Дед мой ростом не вышел и никогда не покидал мастерскую, тесную и темную. Но у деда глаза были как у кошки; когда он заканчивал очередной заказ и господа выходили из мастерской на улицу, их новенькие костюмы блестели в осеннем свете, пока они шли по городу, точно свежие фрукты, появления которых никто не ожидал и которые пора собирать.

Великий ум в портном не нуждается, говорил дед, потирая руки. У него не было отбоя от клиентов, и он работал день и ночь. Клиенты приезжали издалека, знали, что поставлено на карту. Никто не шьет так, как мой дед, который одним глазом насквозь видит заказчика, а другим меж тем давно снял с него мерку. Среди его клиентов были особы королевской крови, коммерсанты, епископы и дирижеры, а также капитаны, дипломаты и поэты, рядовые мужья всех мастей, чьи жены, заламывая руки, стояли под дождем на улице у двери мастерской, потому что дед никому не позволяет вмешиваться в свою работу. Только ему дано знать, в каком месте маленького внутреннего кармашка мягкого жилета следует сделать легкий акцент, призванный свидетельствовать об уме его владельца. Женщины, как мне самой известно, не желают видеть на этом месте ничего, кроме белого платочка для утирания слез, которым их супруги должны махать на прощание, прежде чем скрыться из виду на кораблях, в деловых поездках, на тронах и еще более отдаленных островах славы.

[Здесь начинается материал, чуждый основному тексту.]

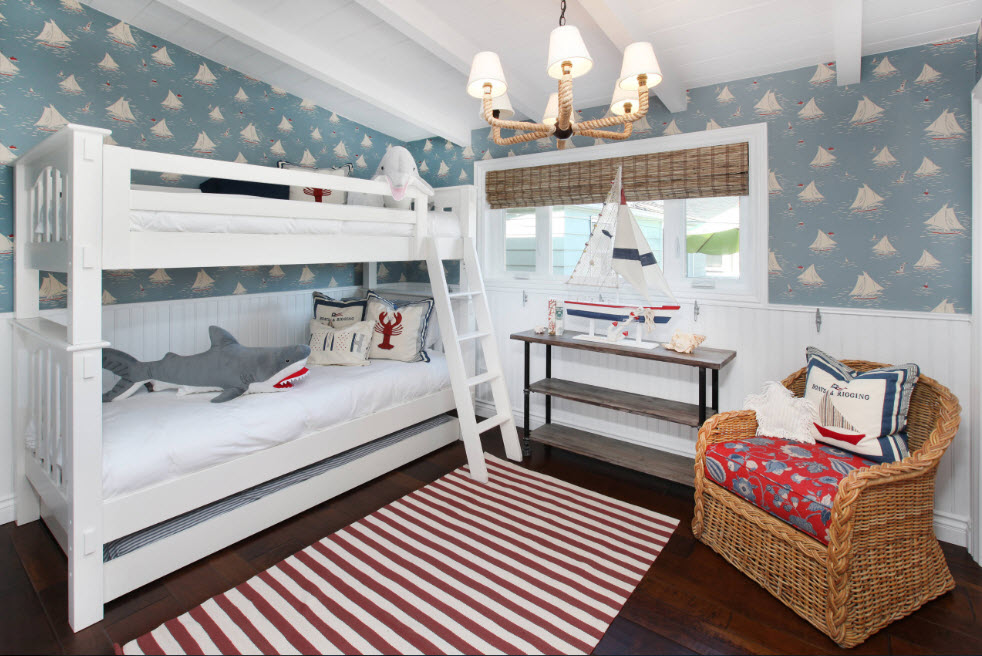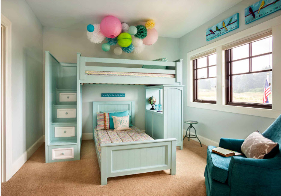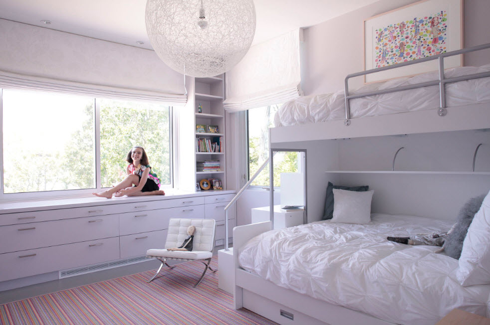 В большинстве случаев двухъярусная кровать располагается вдоль одной из стен комнаты, иногда – в нише или в случае с узкой комнатой – между двух стенок. Но в просторном помещении высокую кровать в два яруса можно использовать в качестве зонирующего элемента, для разделения комнаты на функциональные сегменты. Учитывая, что в помещении проживают как минимум два ребенка, создание своей зоны для каждого из детей станет отличным способом распределения пространства.

Когда пришло время сбора урожая, они все куда-то исчезли. Я стояла голодная в мастерской деда и ждала, что дверь откроется и я получу заказ, но дед знал, что поставлено на карту: преданность и рассудок. Не можем мы стоять на коленях, мы и без того маленькие, говорил он. Так я провела очередную зиму, пришивая к тяжелым шинелям золотые пуговицы и полируя их до тех пор, пока в мастерской не становилось светло.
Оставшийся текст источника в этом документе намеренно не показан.